Ron Gillyard is a record executive with nearly 20 years experience in the entertainment industry. He is a Grammy Award winner.

==Start in music==
Gillyard started in the music business as an intern at Columbia Records. He has been employed by Clive Davis, Chief Creative Officer of Sony Music Entertainment Worldwide; Jimmy Iovine, chairman of Interscope-Geffen-A&M; Irving Azoff, chairman of Live Nation Entertainment; and Sean "Diddy" Combs, owner of Bad Boy Entertainment Worldwide (which includes the Sean John clothing line).

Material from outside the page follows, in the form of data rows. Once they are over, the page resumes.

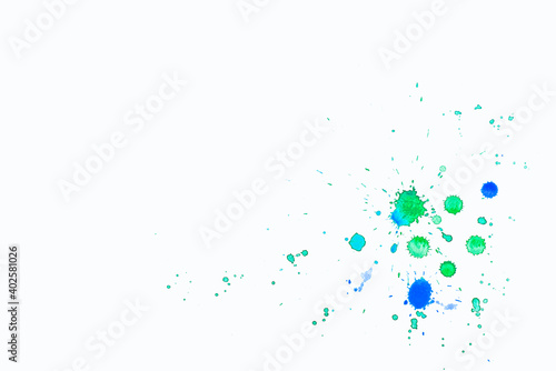 grüne und blaue Spritzer und Kleckse mit Aquarellfarben
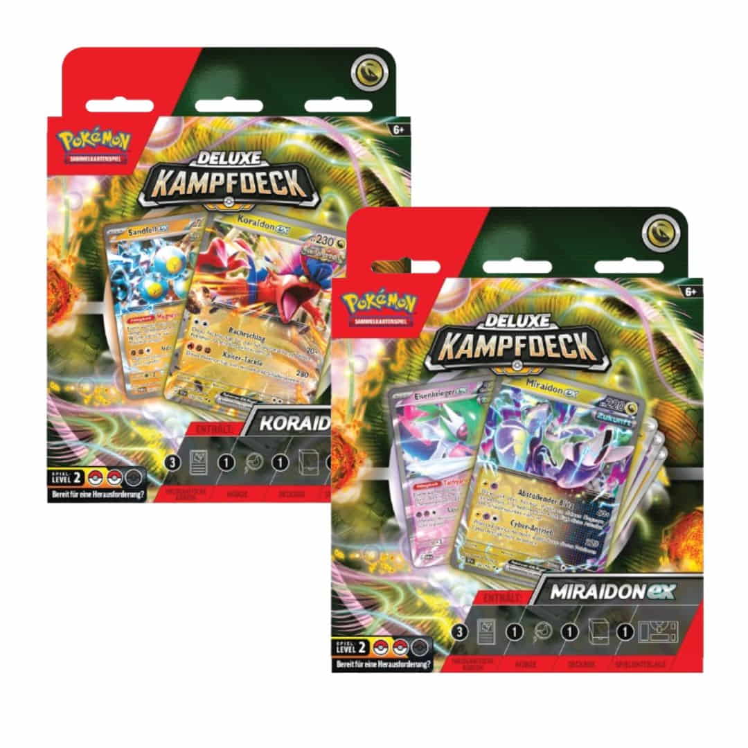 Les Battle Decks Pokémon TCG : Deluxe offrent une progression pour les joueurs prêts à relever le défi, avec des stratégies plus avancées et des cartes Power supplémentaires. Chaque deck de 60 cartes contient 3 cartes transparentes et tout ce dont vous avez besoin pour jouer immédiatement. Que le combat de luxe commence !
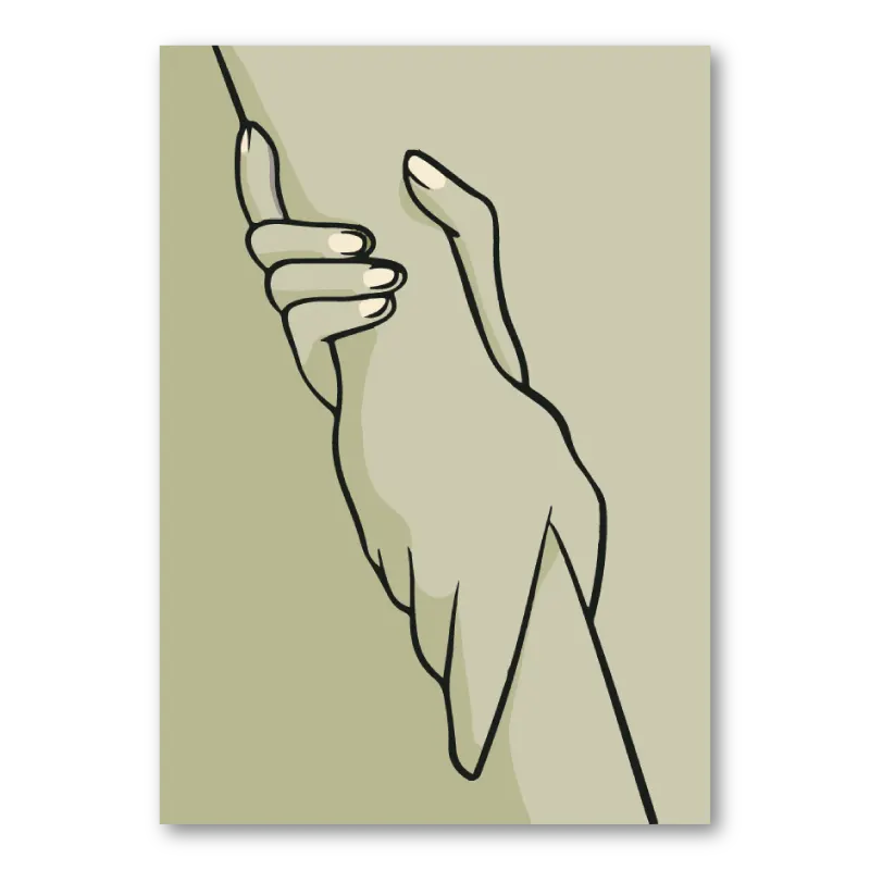 This minimalist line art of one hand rescuing another makes a warm and comforting impression. The pink colour option is feminine while the greens are calm and easy to pair with other neutral themes.

Some artists with whom he has worked include Stevie Wonder, Boyz II Men, Luther Vandross, BeBe & CeCe Winans, Alicia Keys, India.Arie, Mary J. Blige, Sean Diddy Combs, Will Smith, 50 Cent and Eminem. In 2011 Gillyard was awarded his first Grammy award for his work as producer of Bebe & Cece Winans’ album "Still" (Best Contemporary R&B Gospel Album).

==Career==
Gillyard serves as the Chief Growth Officer of Quantasy, an award-winning full-service digital media agency specializing in social media, where is also Partner. Quantasy delivers premium interactive and social content for clients in the tech, automotive, entertainment, not-for-profit and financial sectors. Named by Inc. Magazine as one of America’s fastest growing private companies in 2019, Quantasy serves its clients by positioning them to embrace and utilize emerging digital, social, and communication tools to build and enhance their brands.

==Theater life==
Most recently, Gillyard has had the pleasure of producing the musical, BORN FOR THIS, created by his former client, Bebe Winans, and playwright Charles Randolph-Wright. BORN FOR THIS has run in Washington, DC, Atlanta, GA, Los Angeles, CA, and Boston, MA. Gillyard produced the runs in LA and Boston and has positioned the show for a run on Broadway.

==Personal life==
Born and raised in Miami, Florida, Gillyard graduated from Howard University with a degree in Finance. He is married with three children and resides in Los Angeles.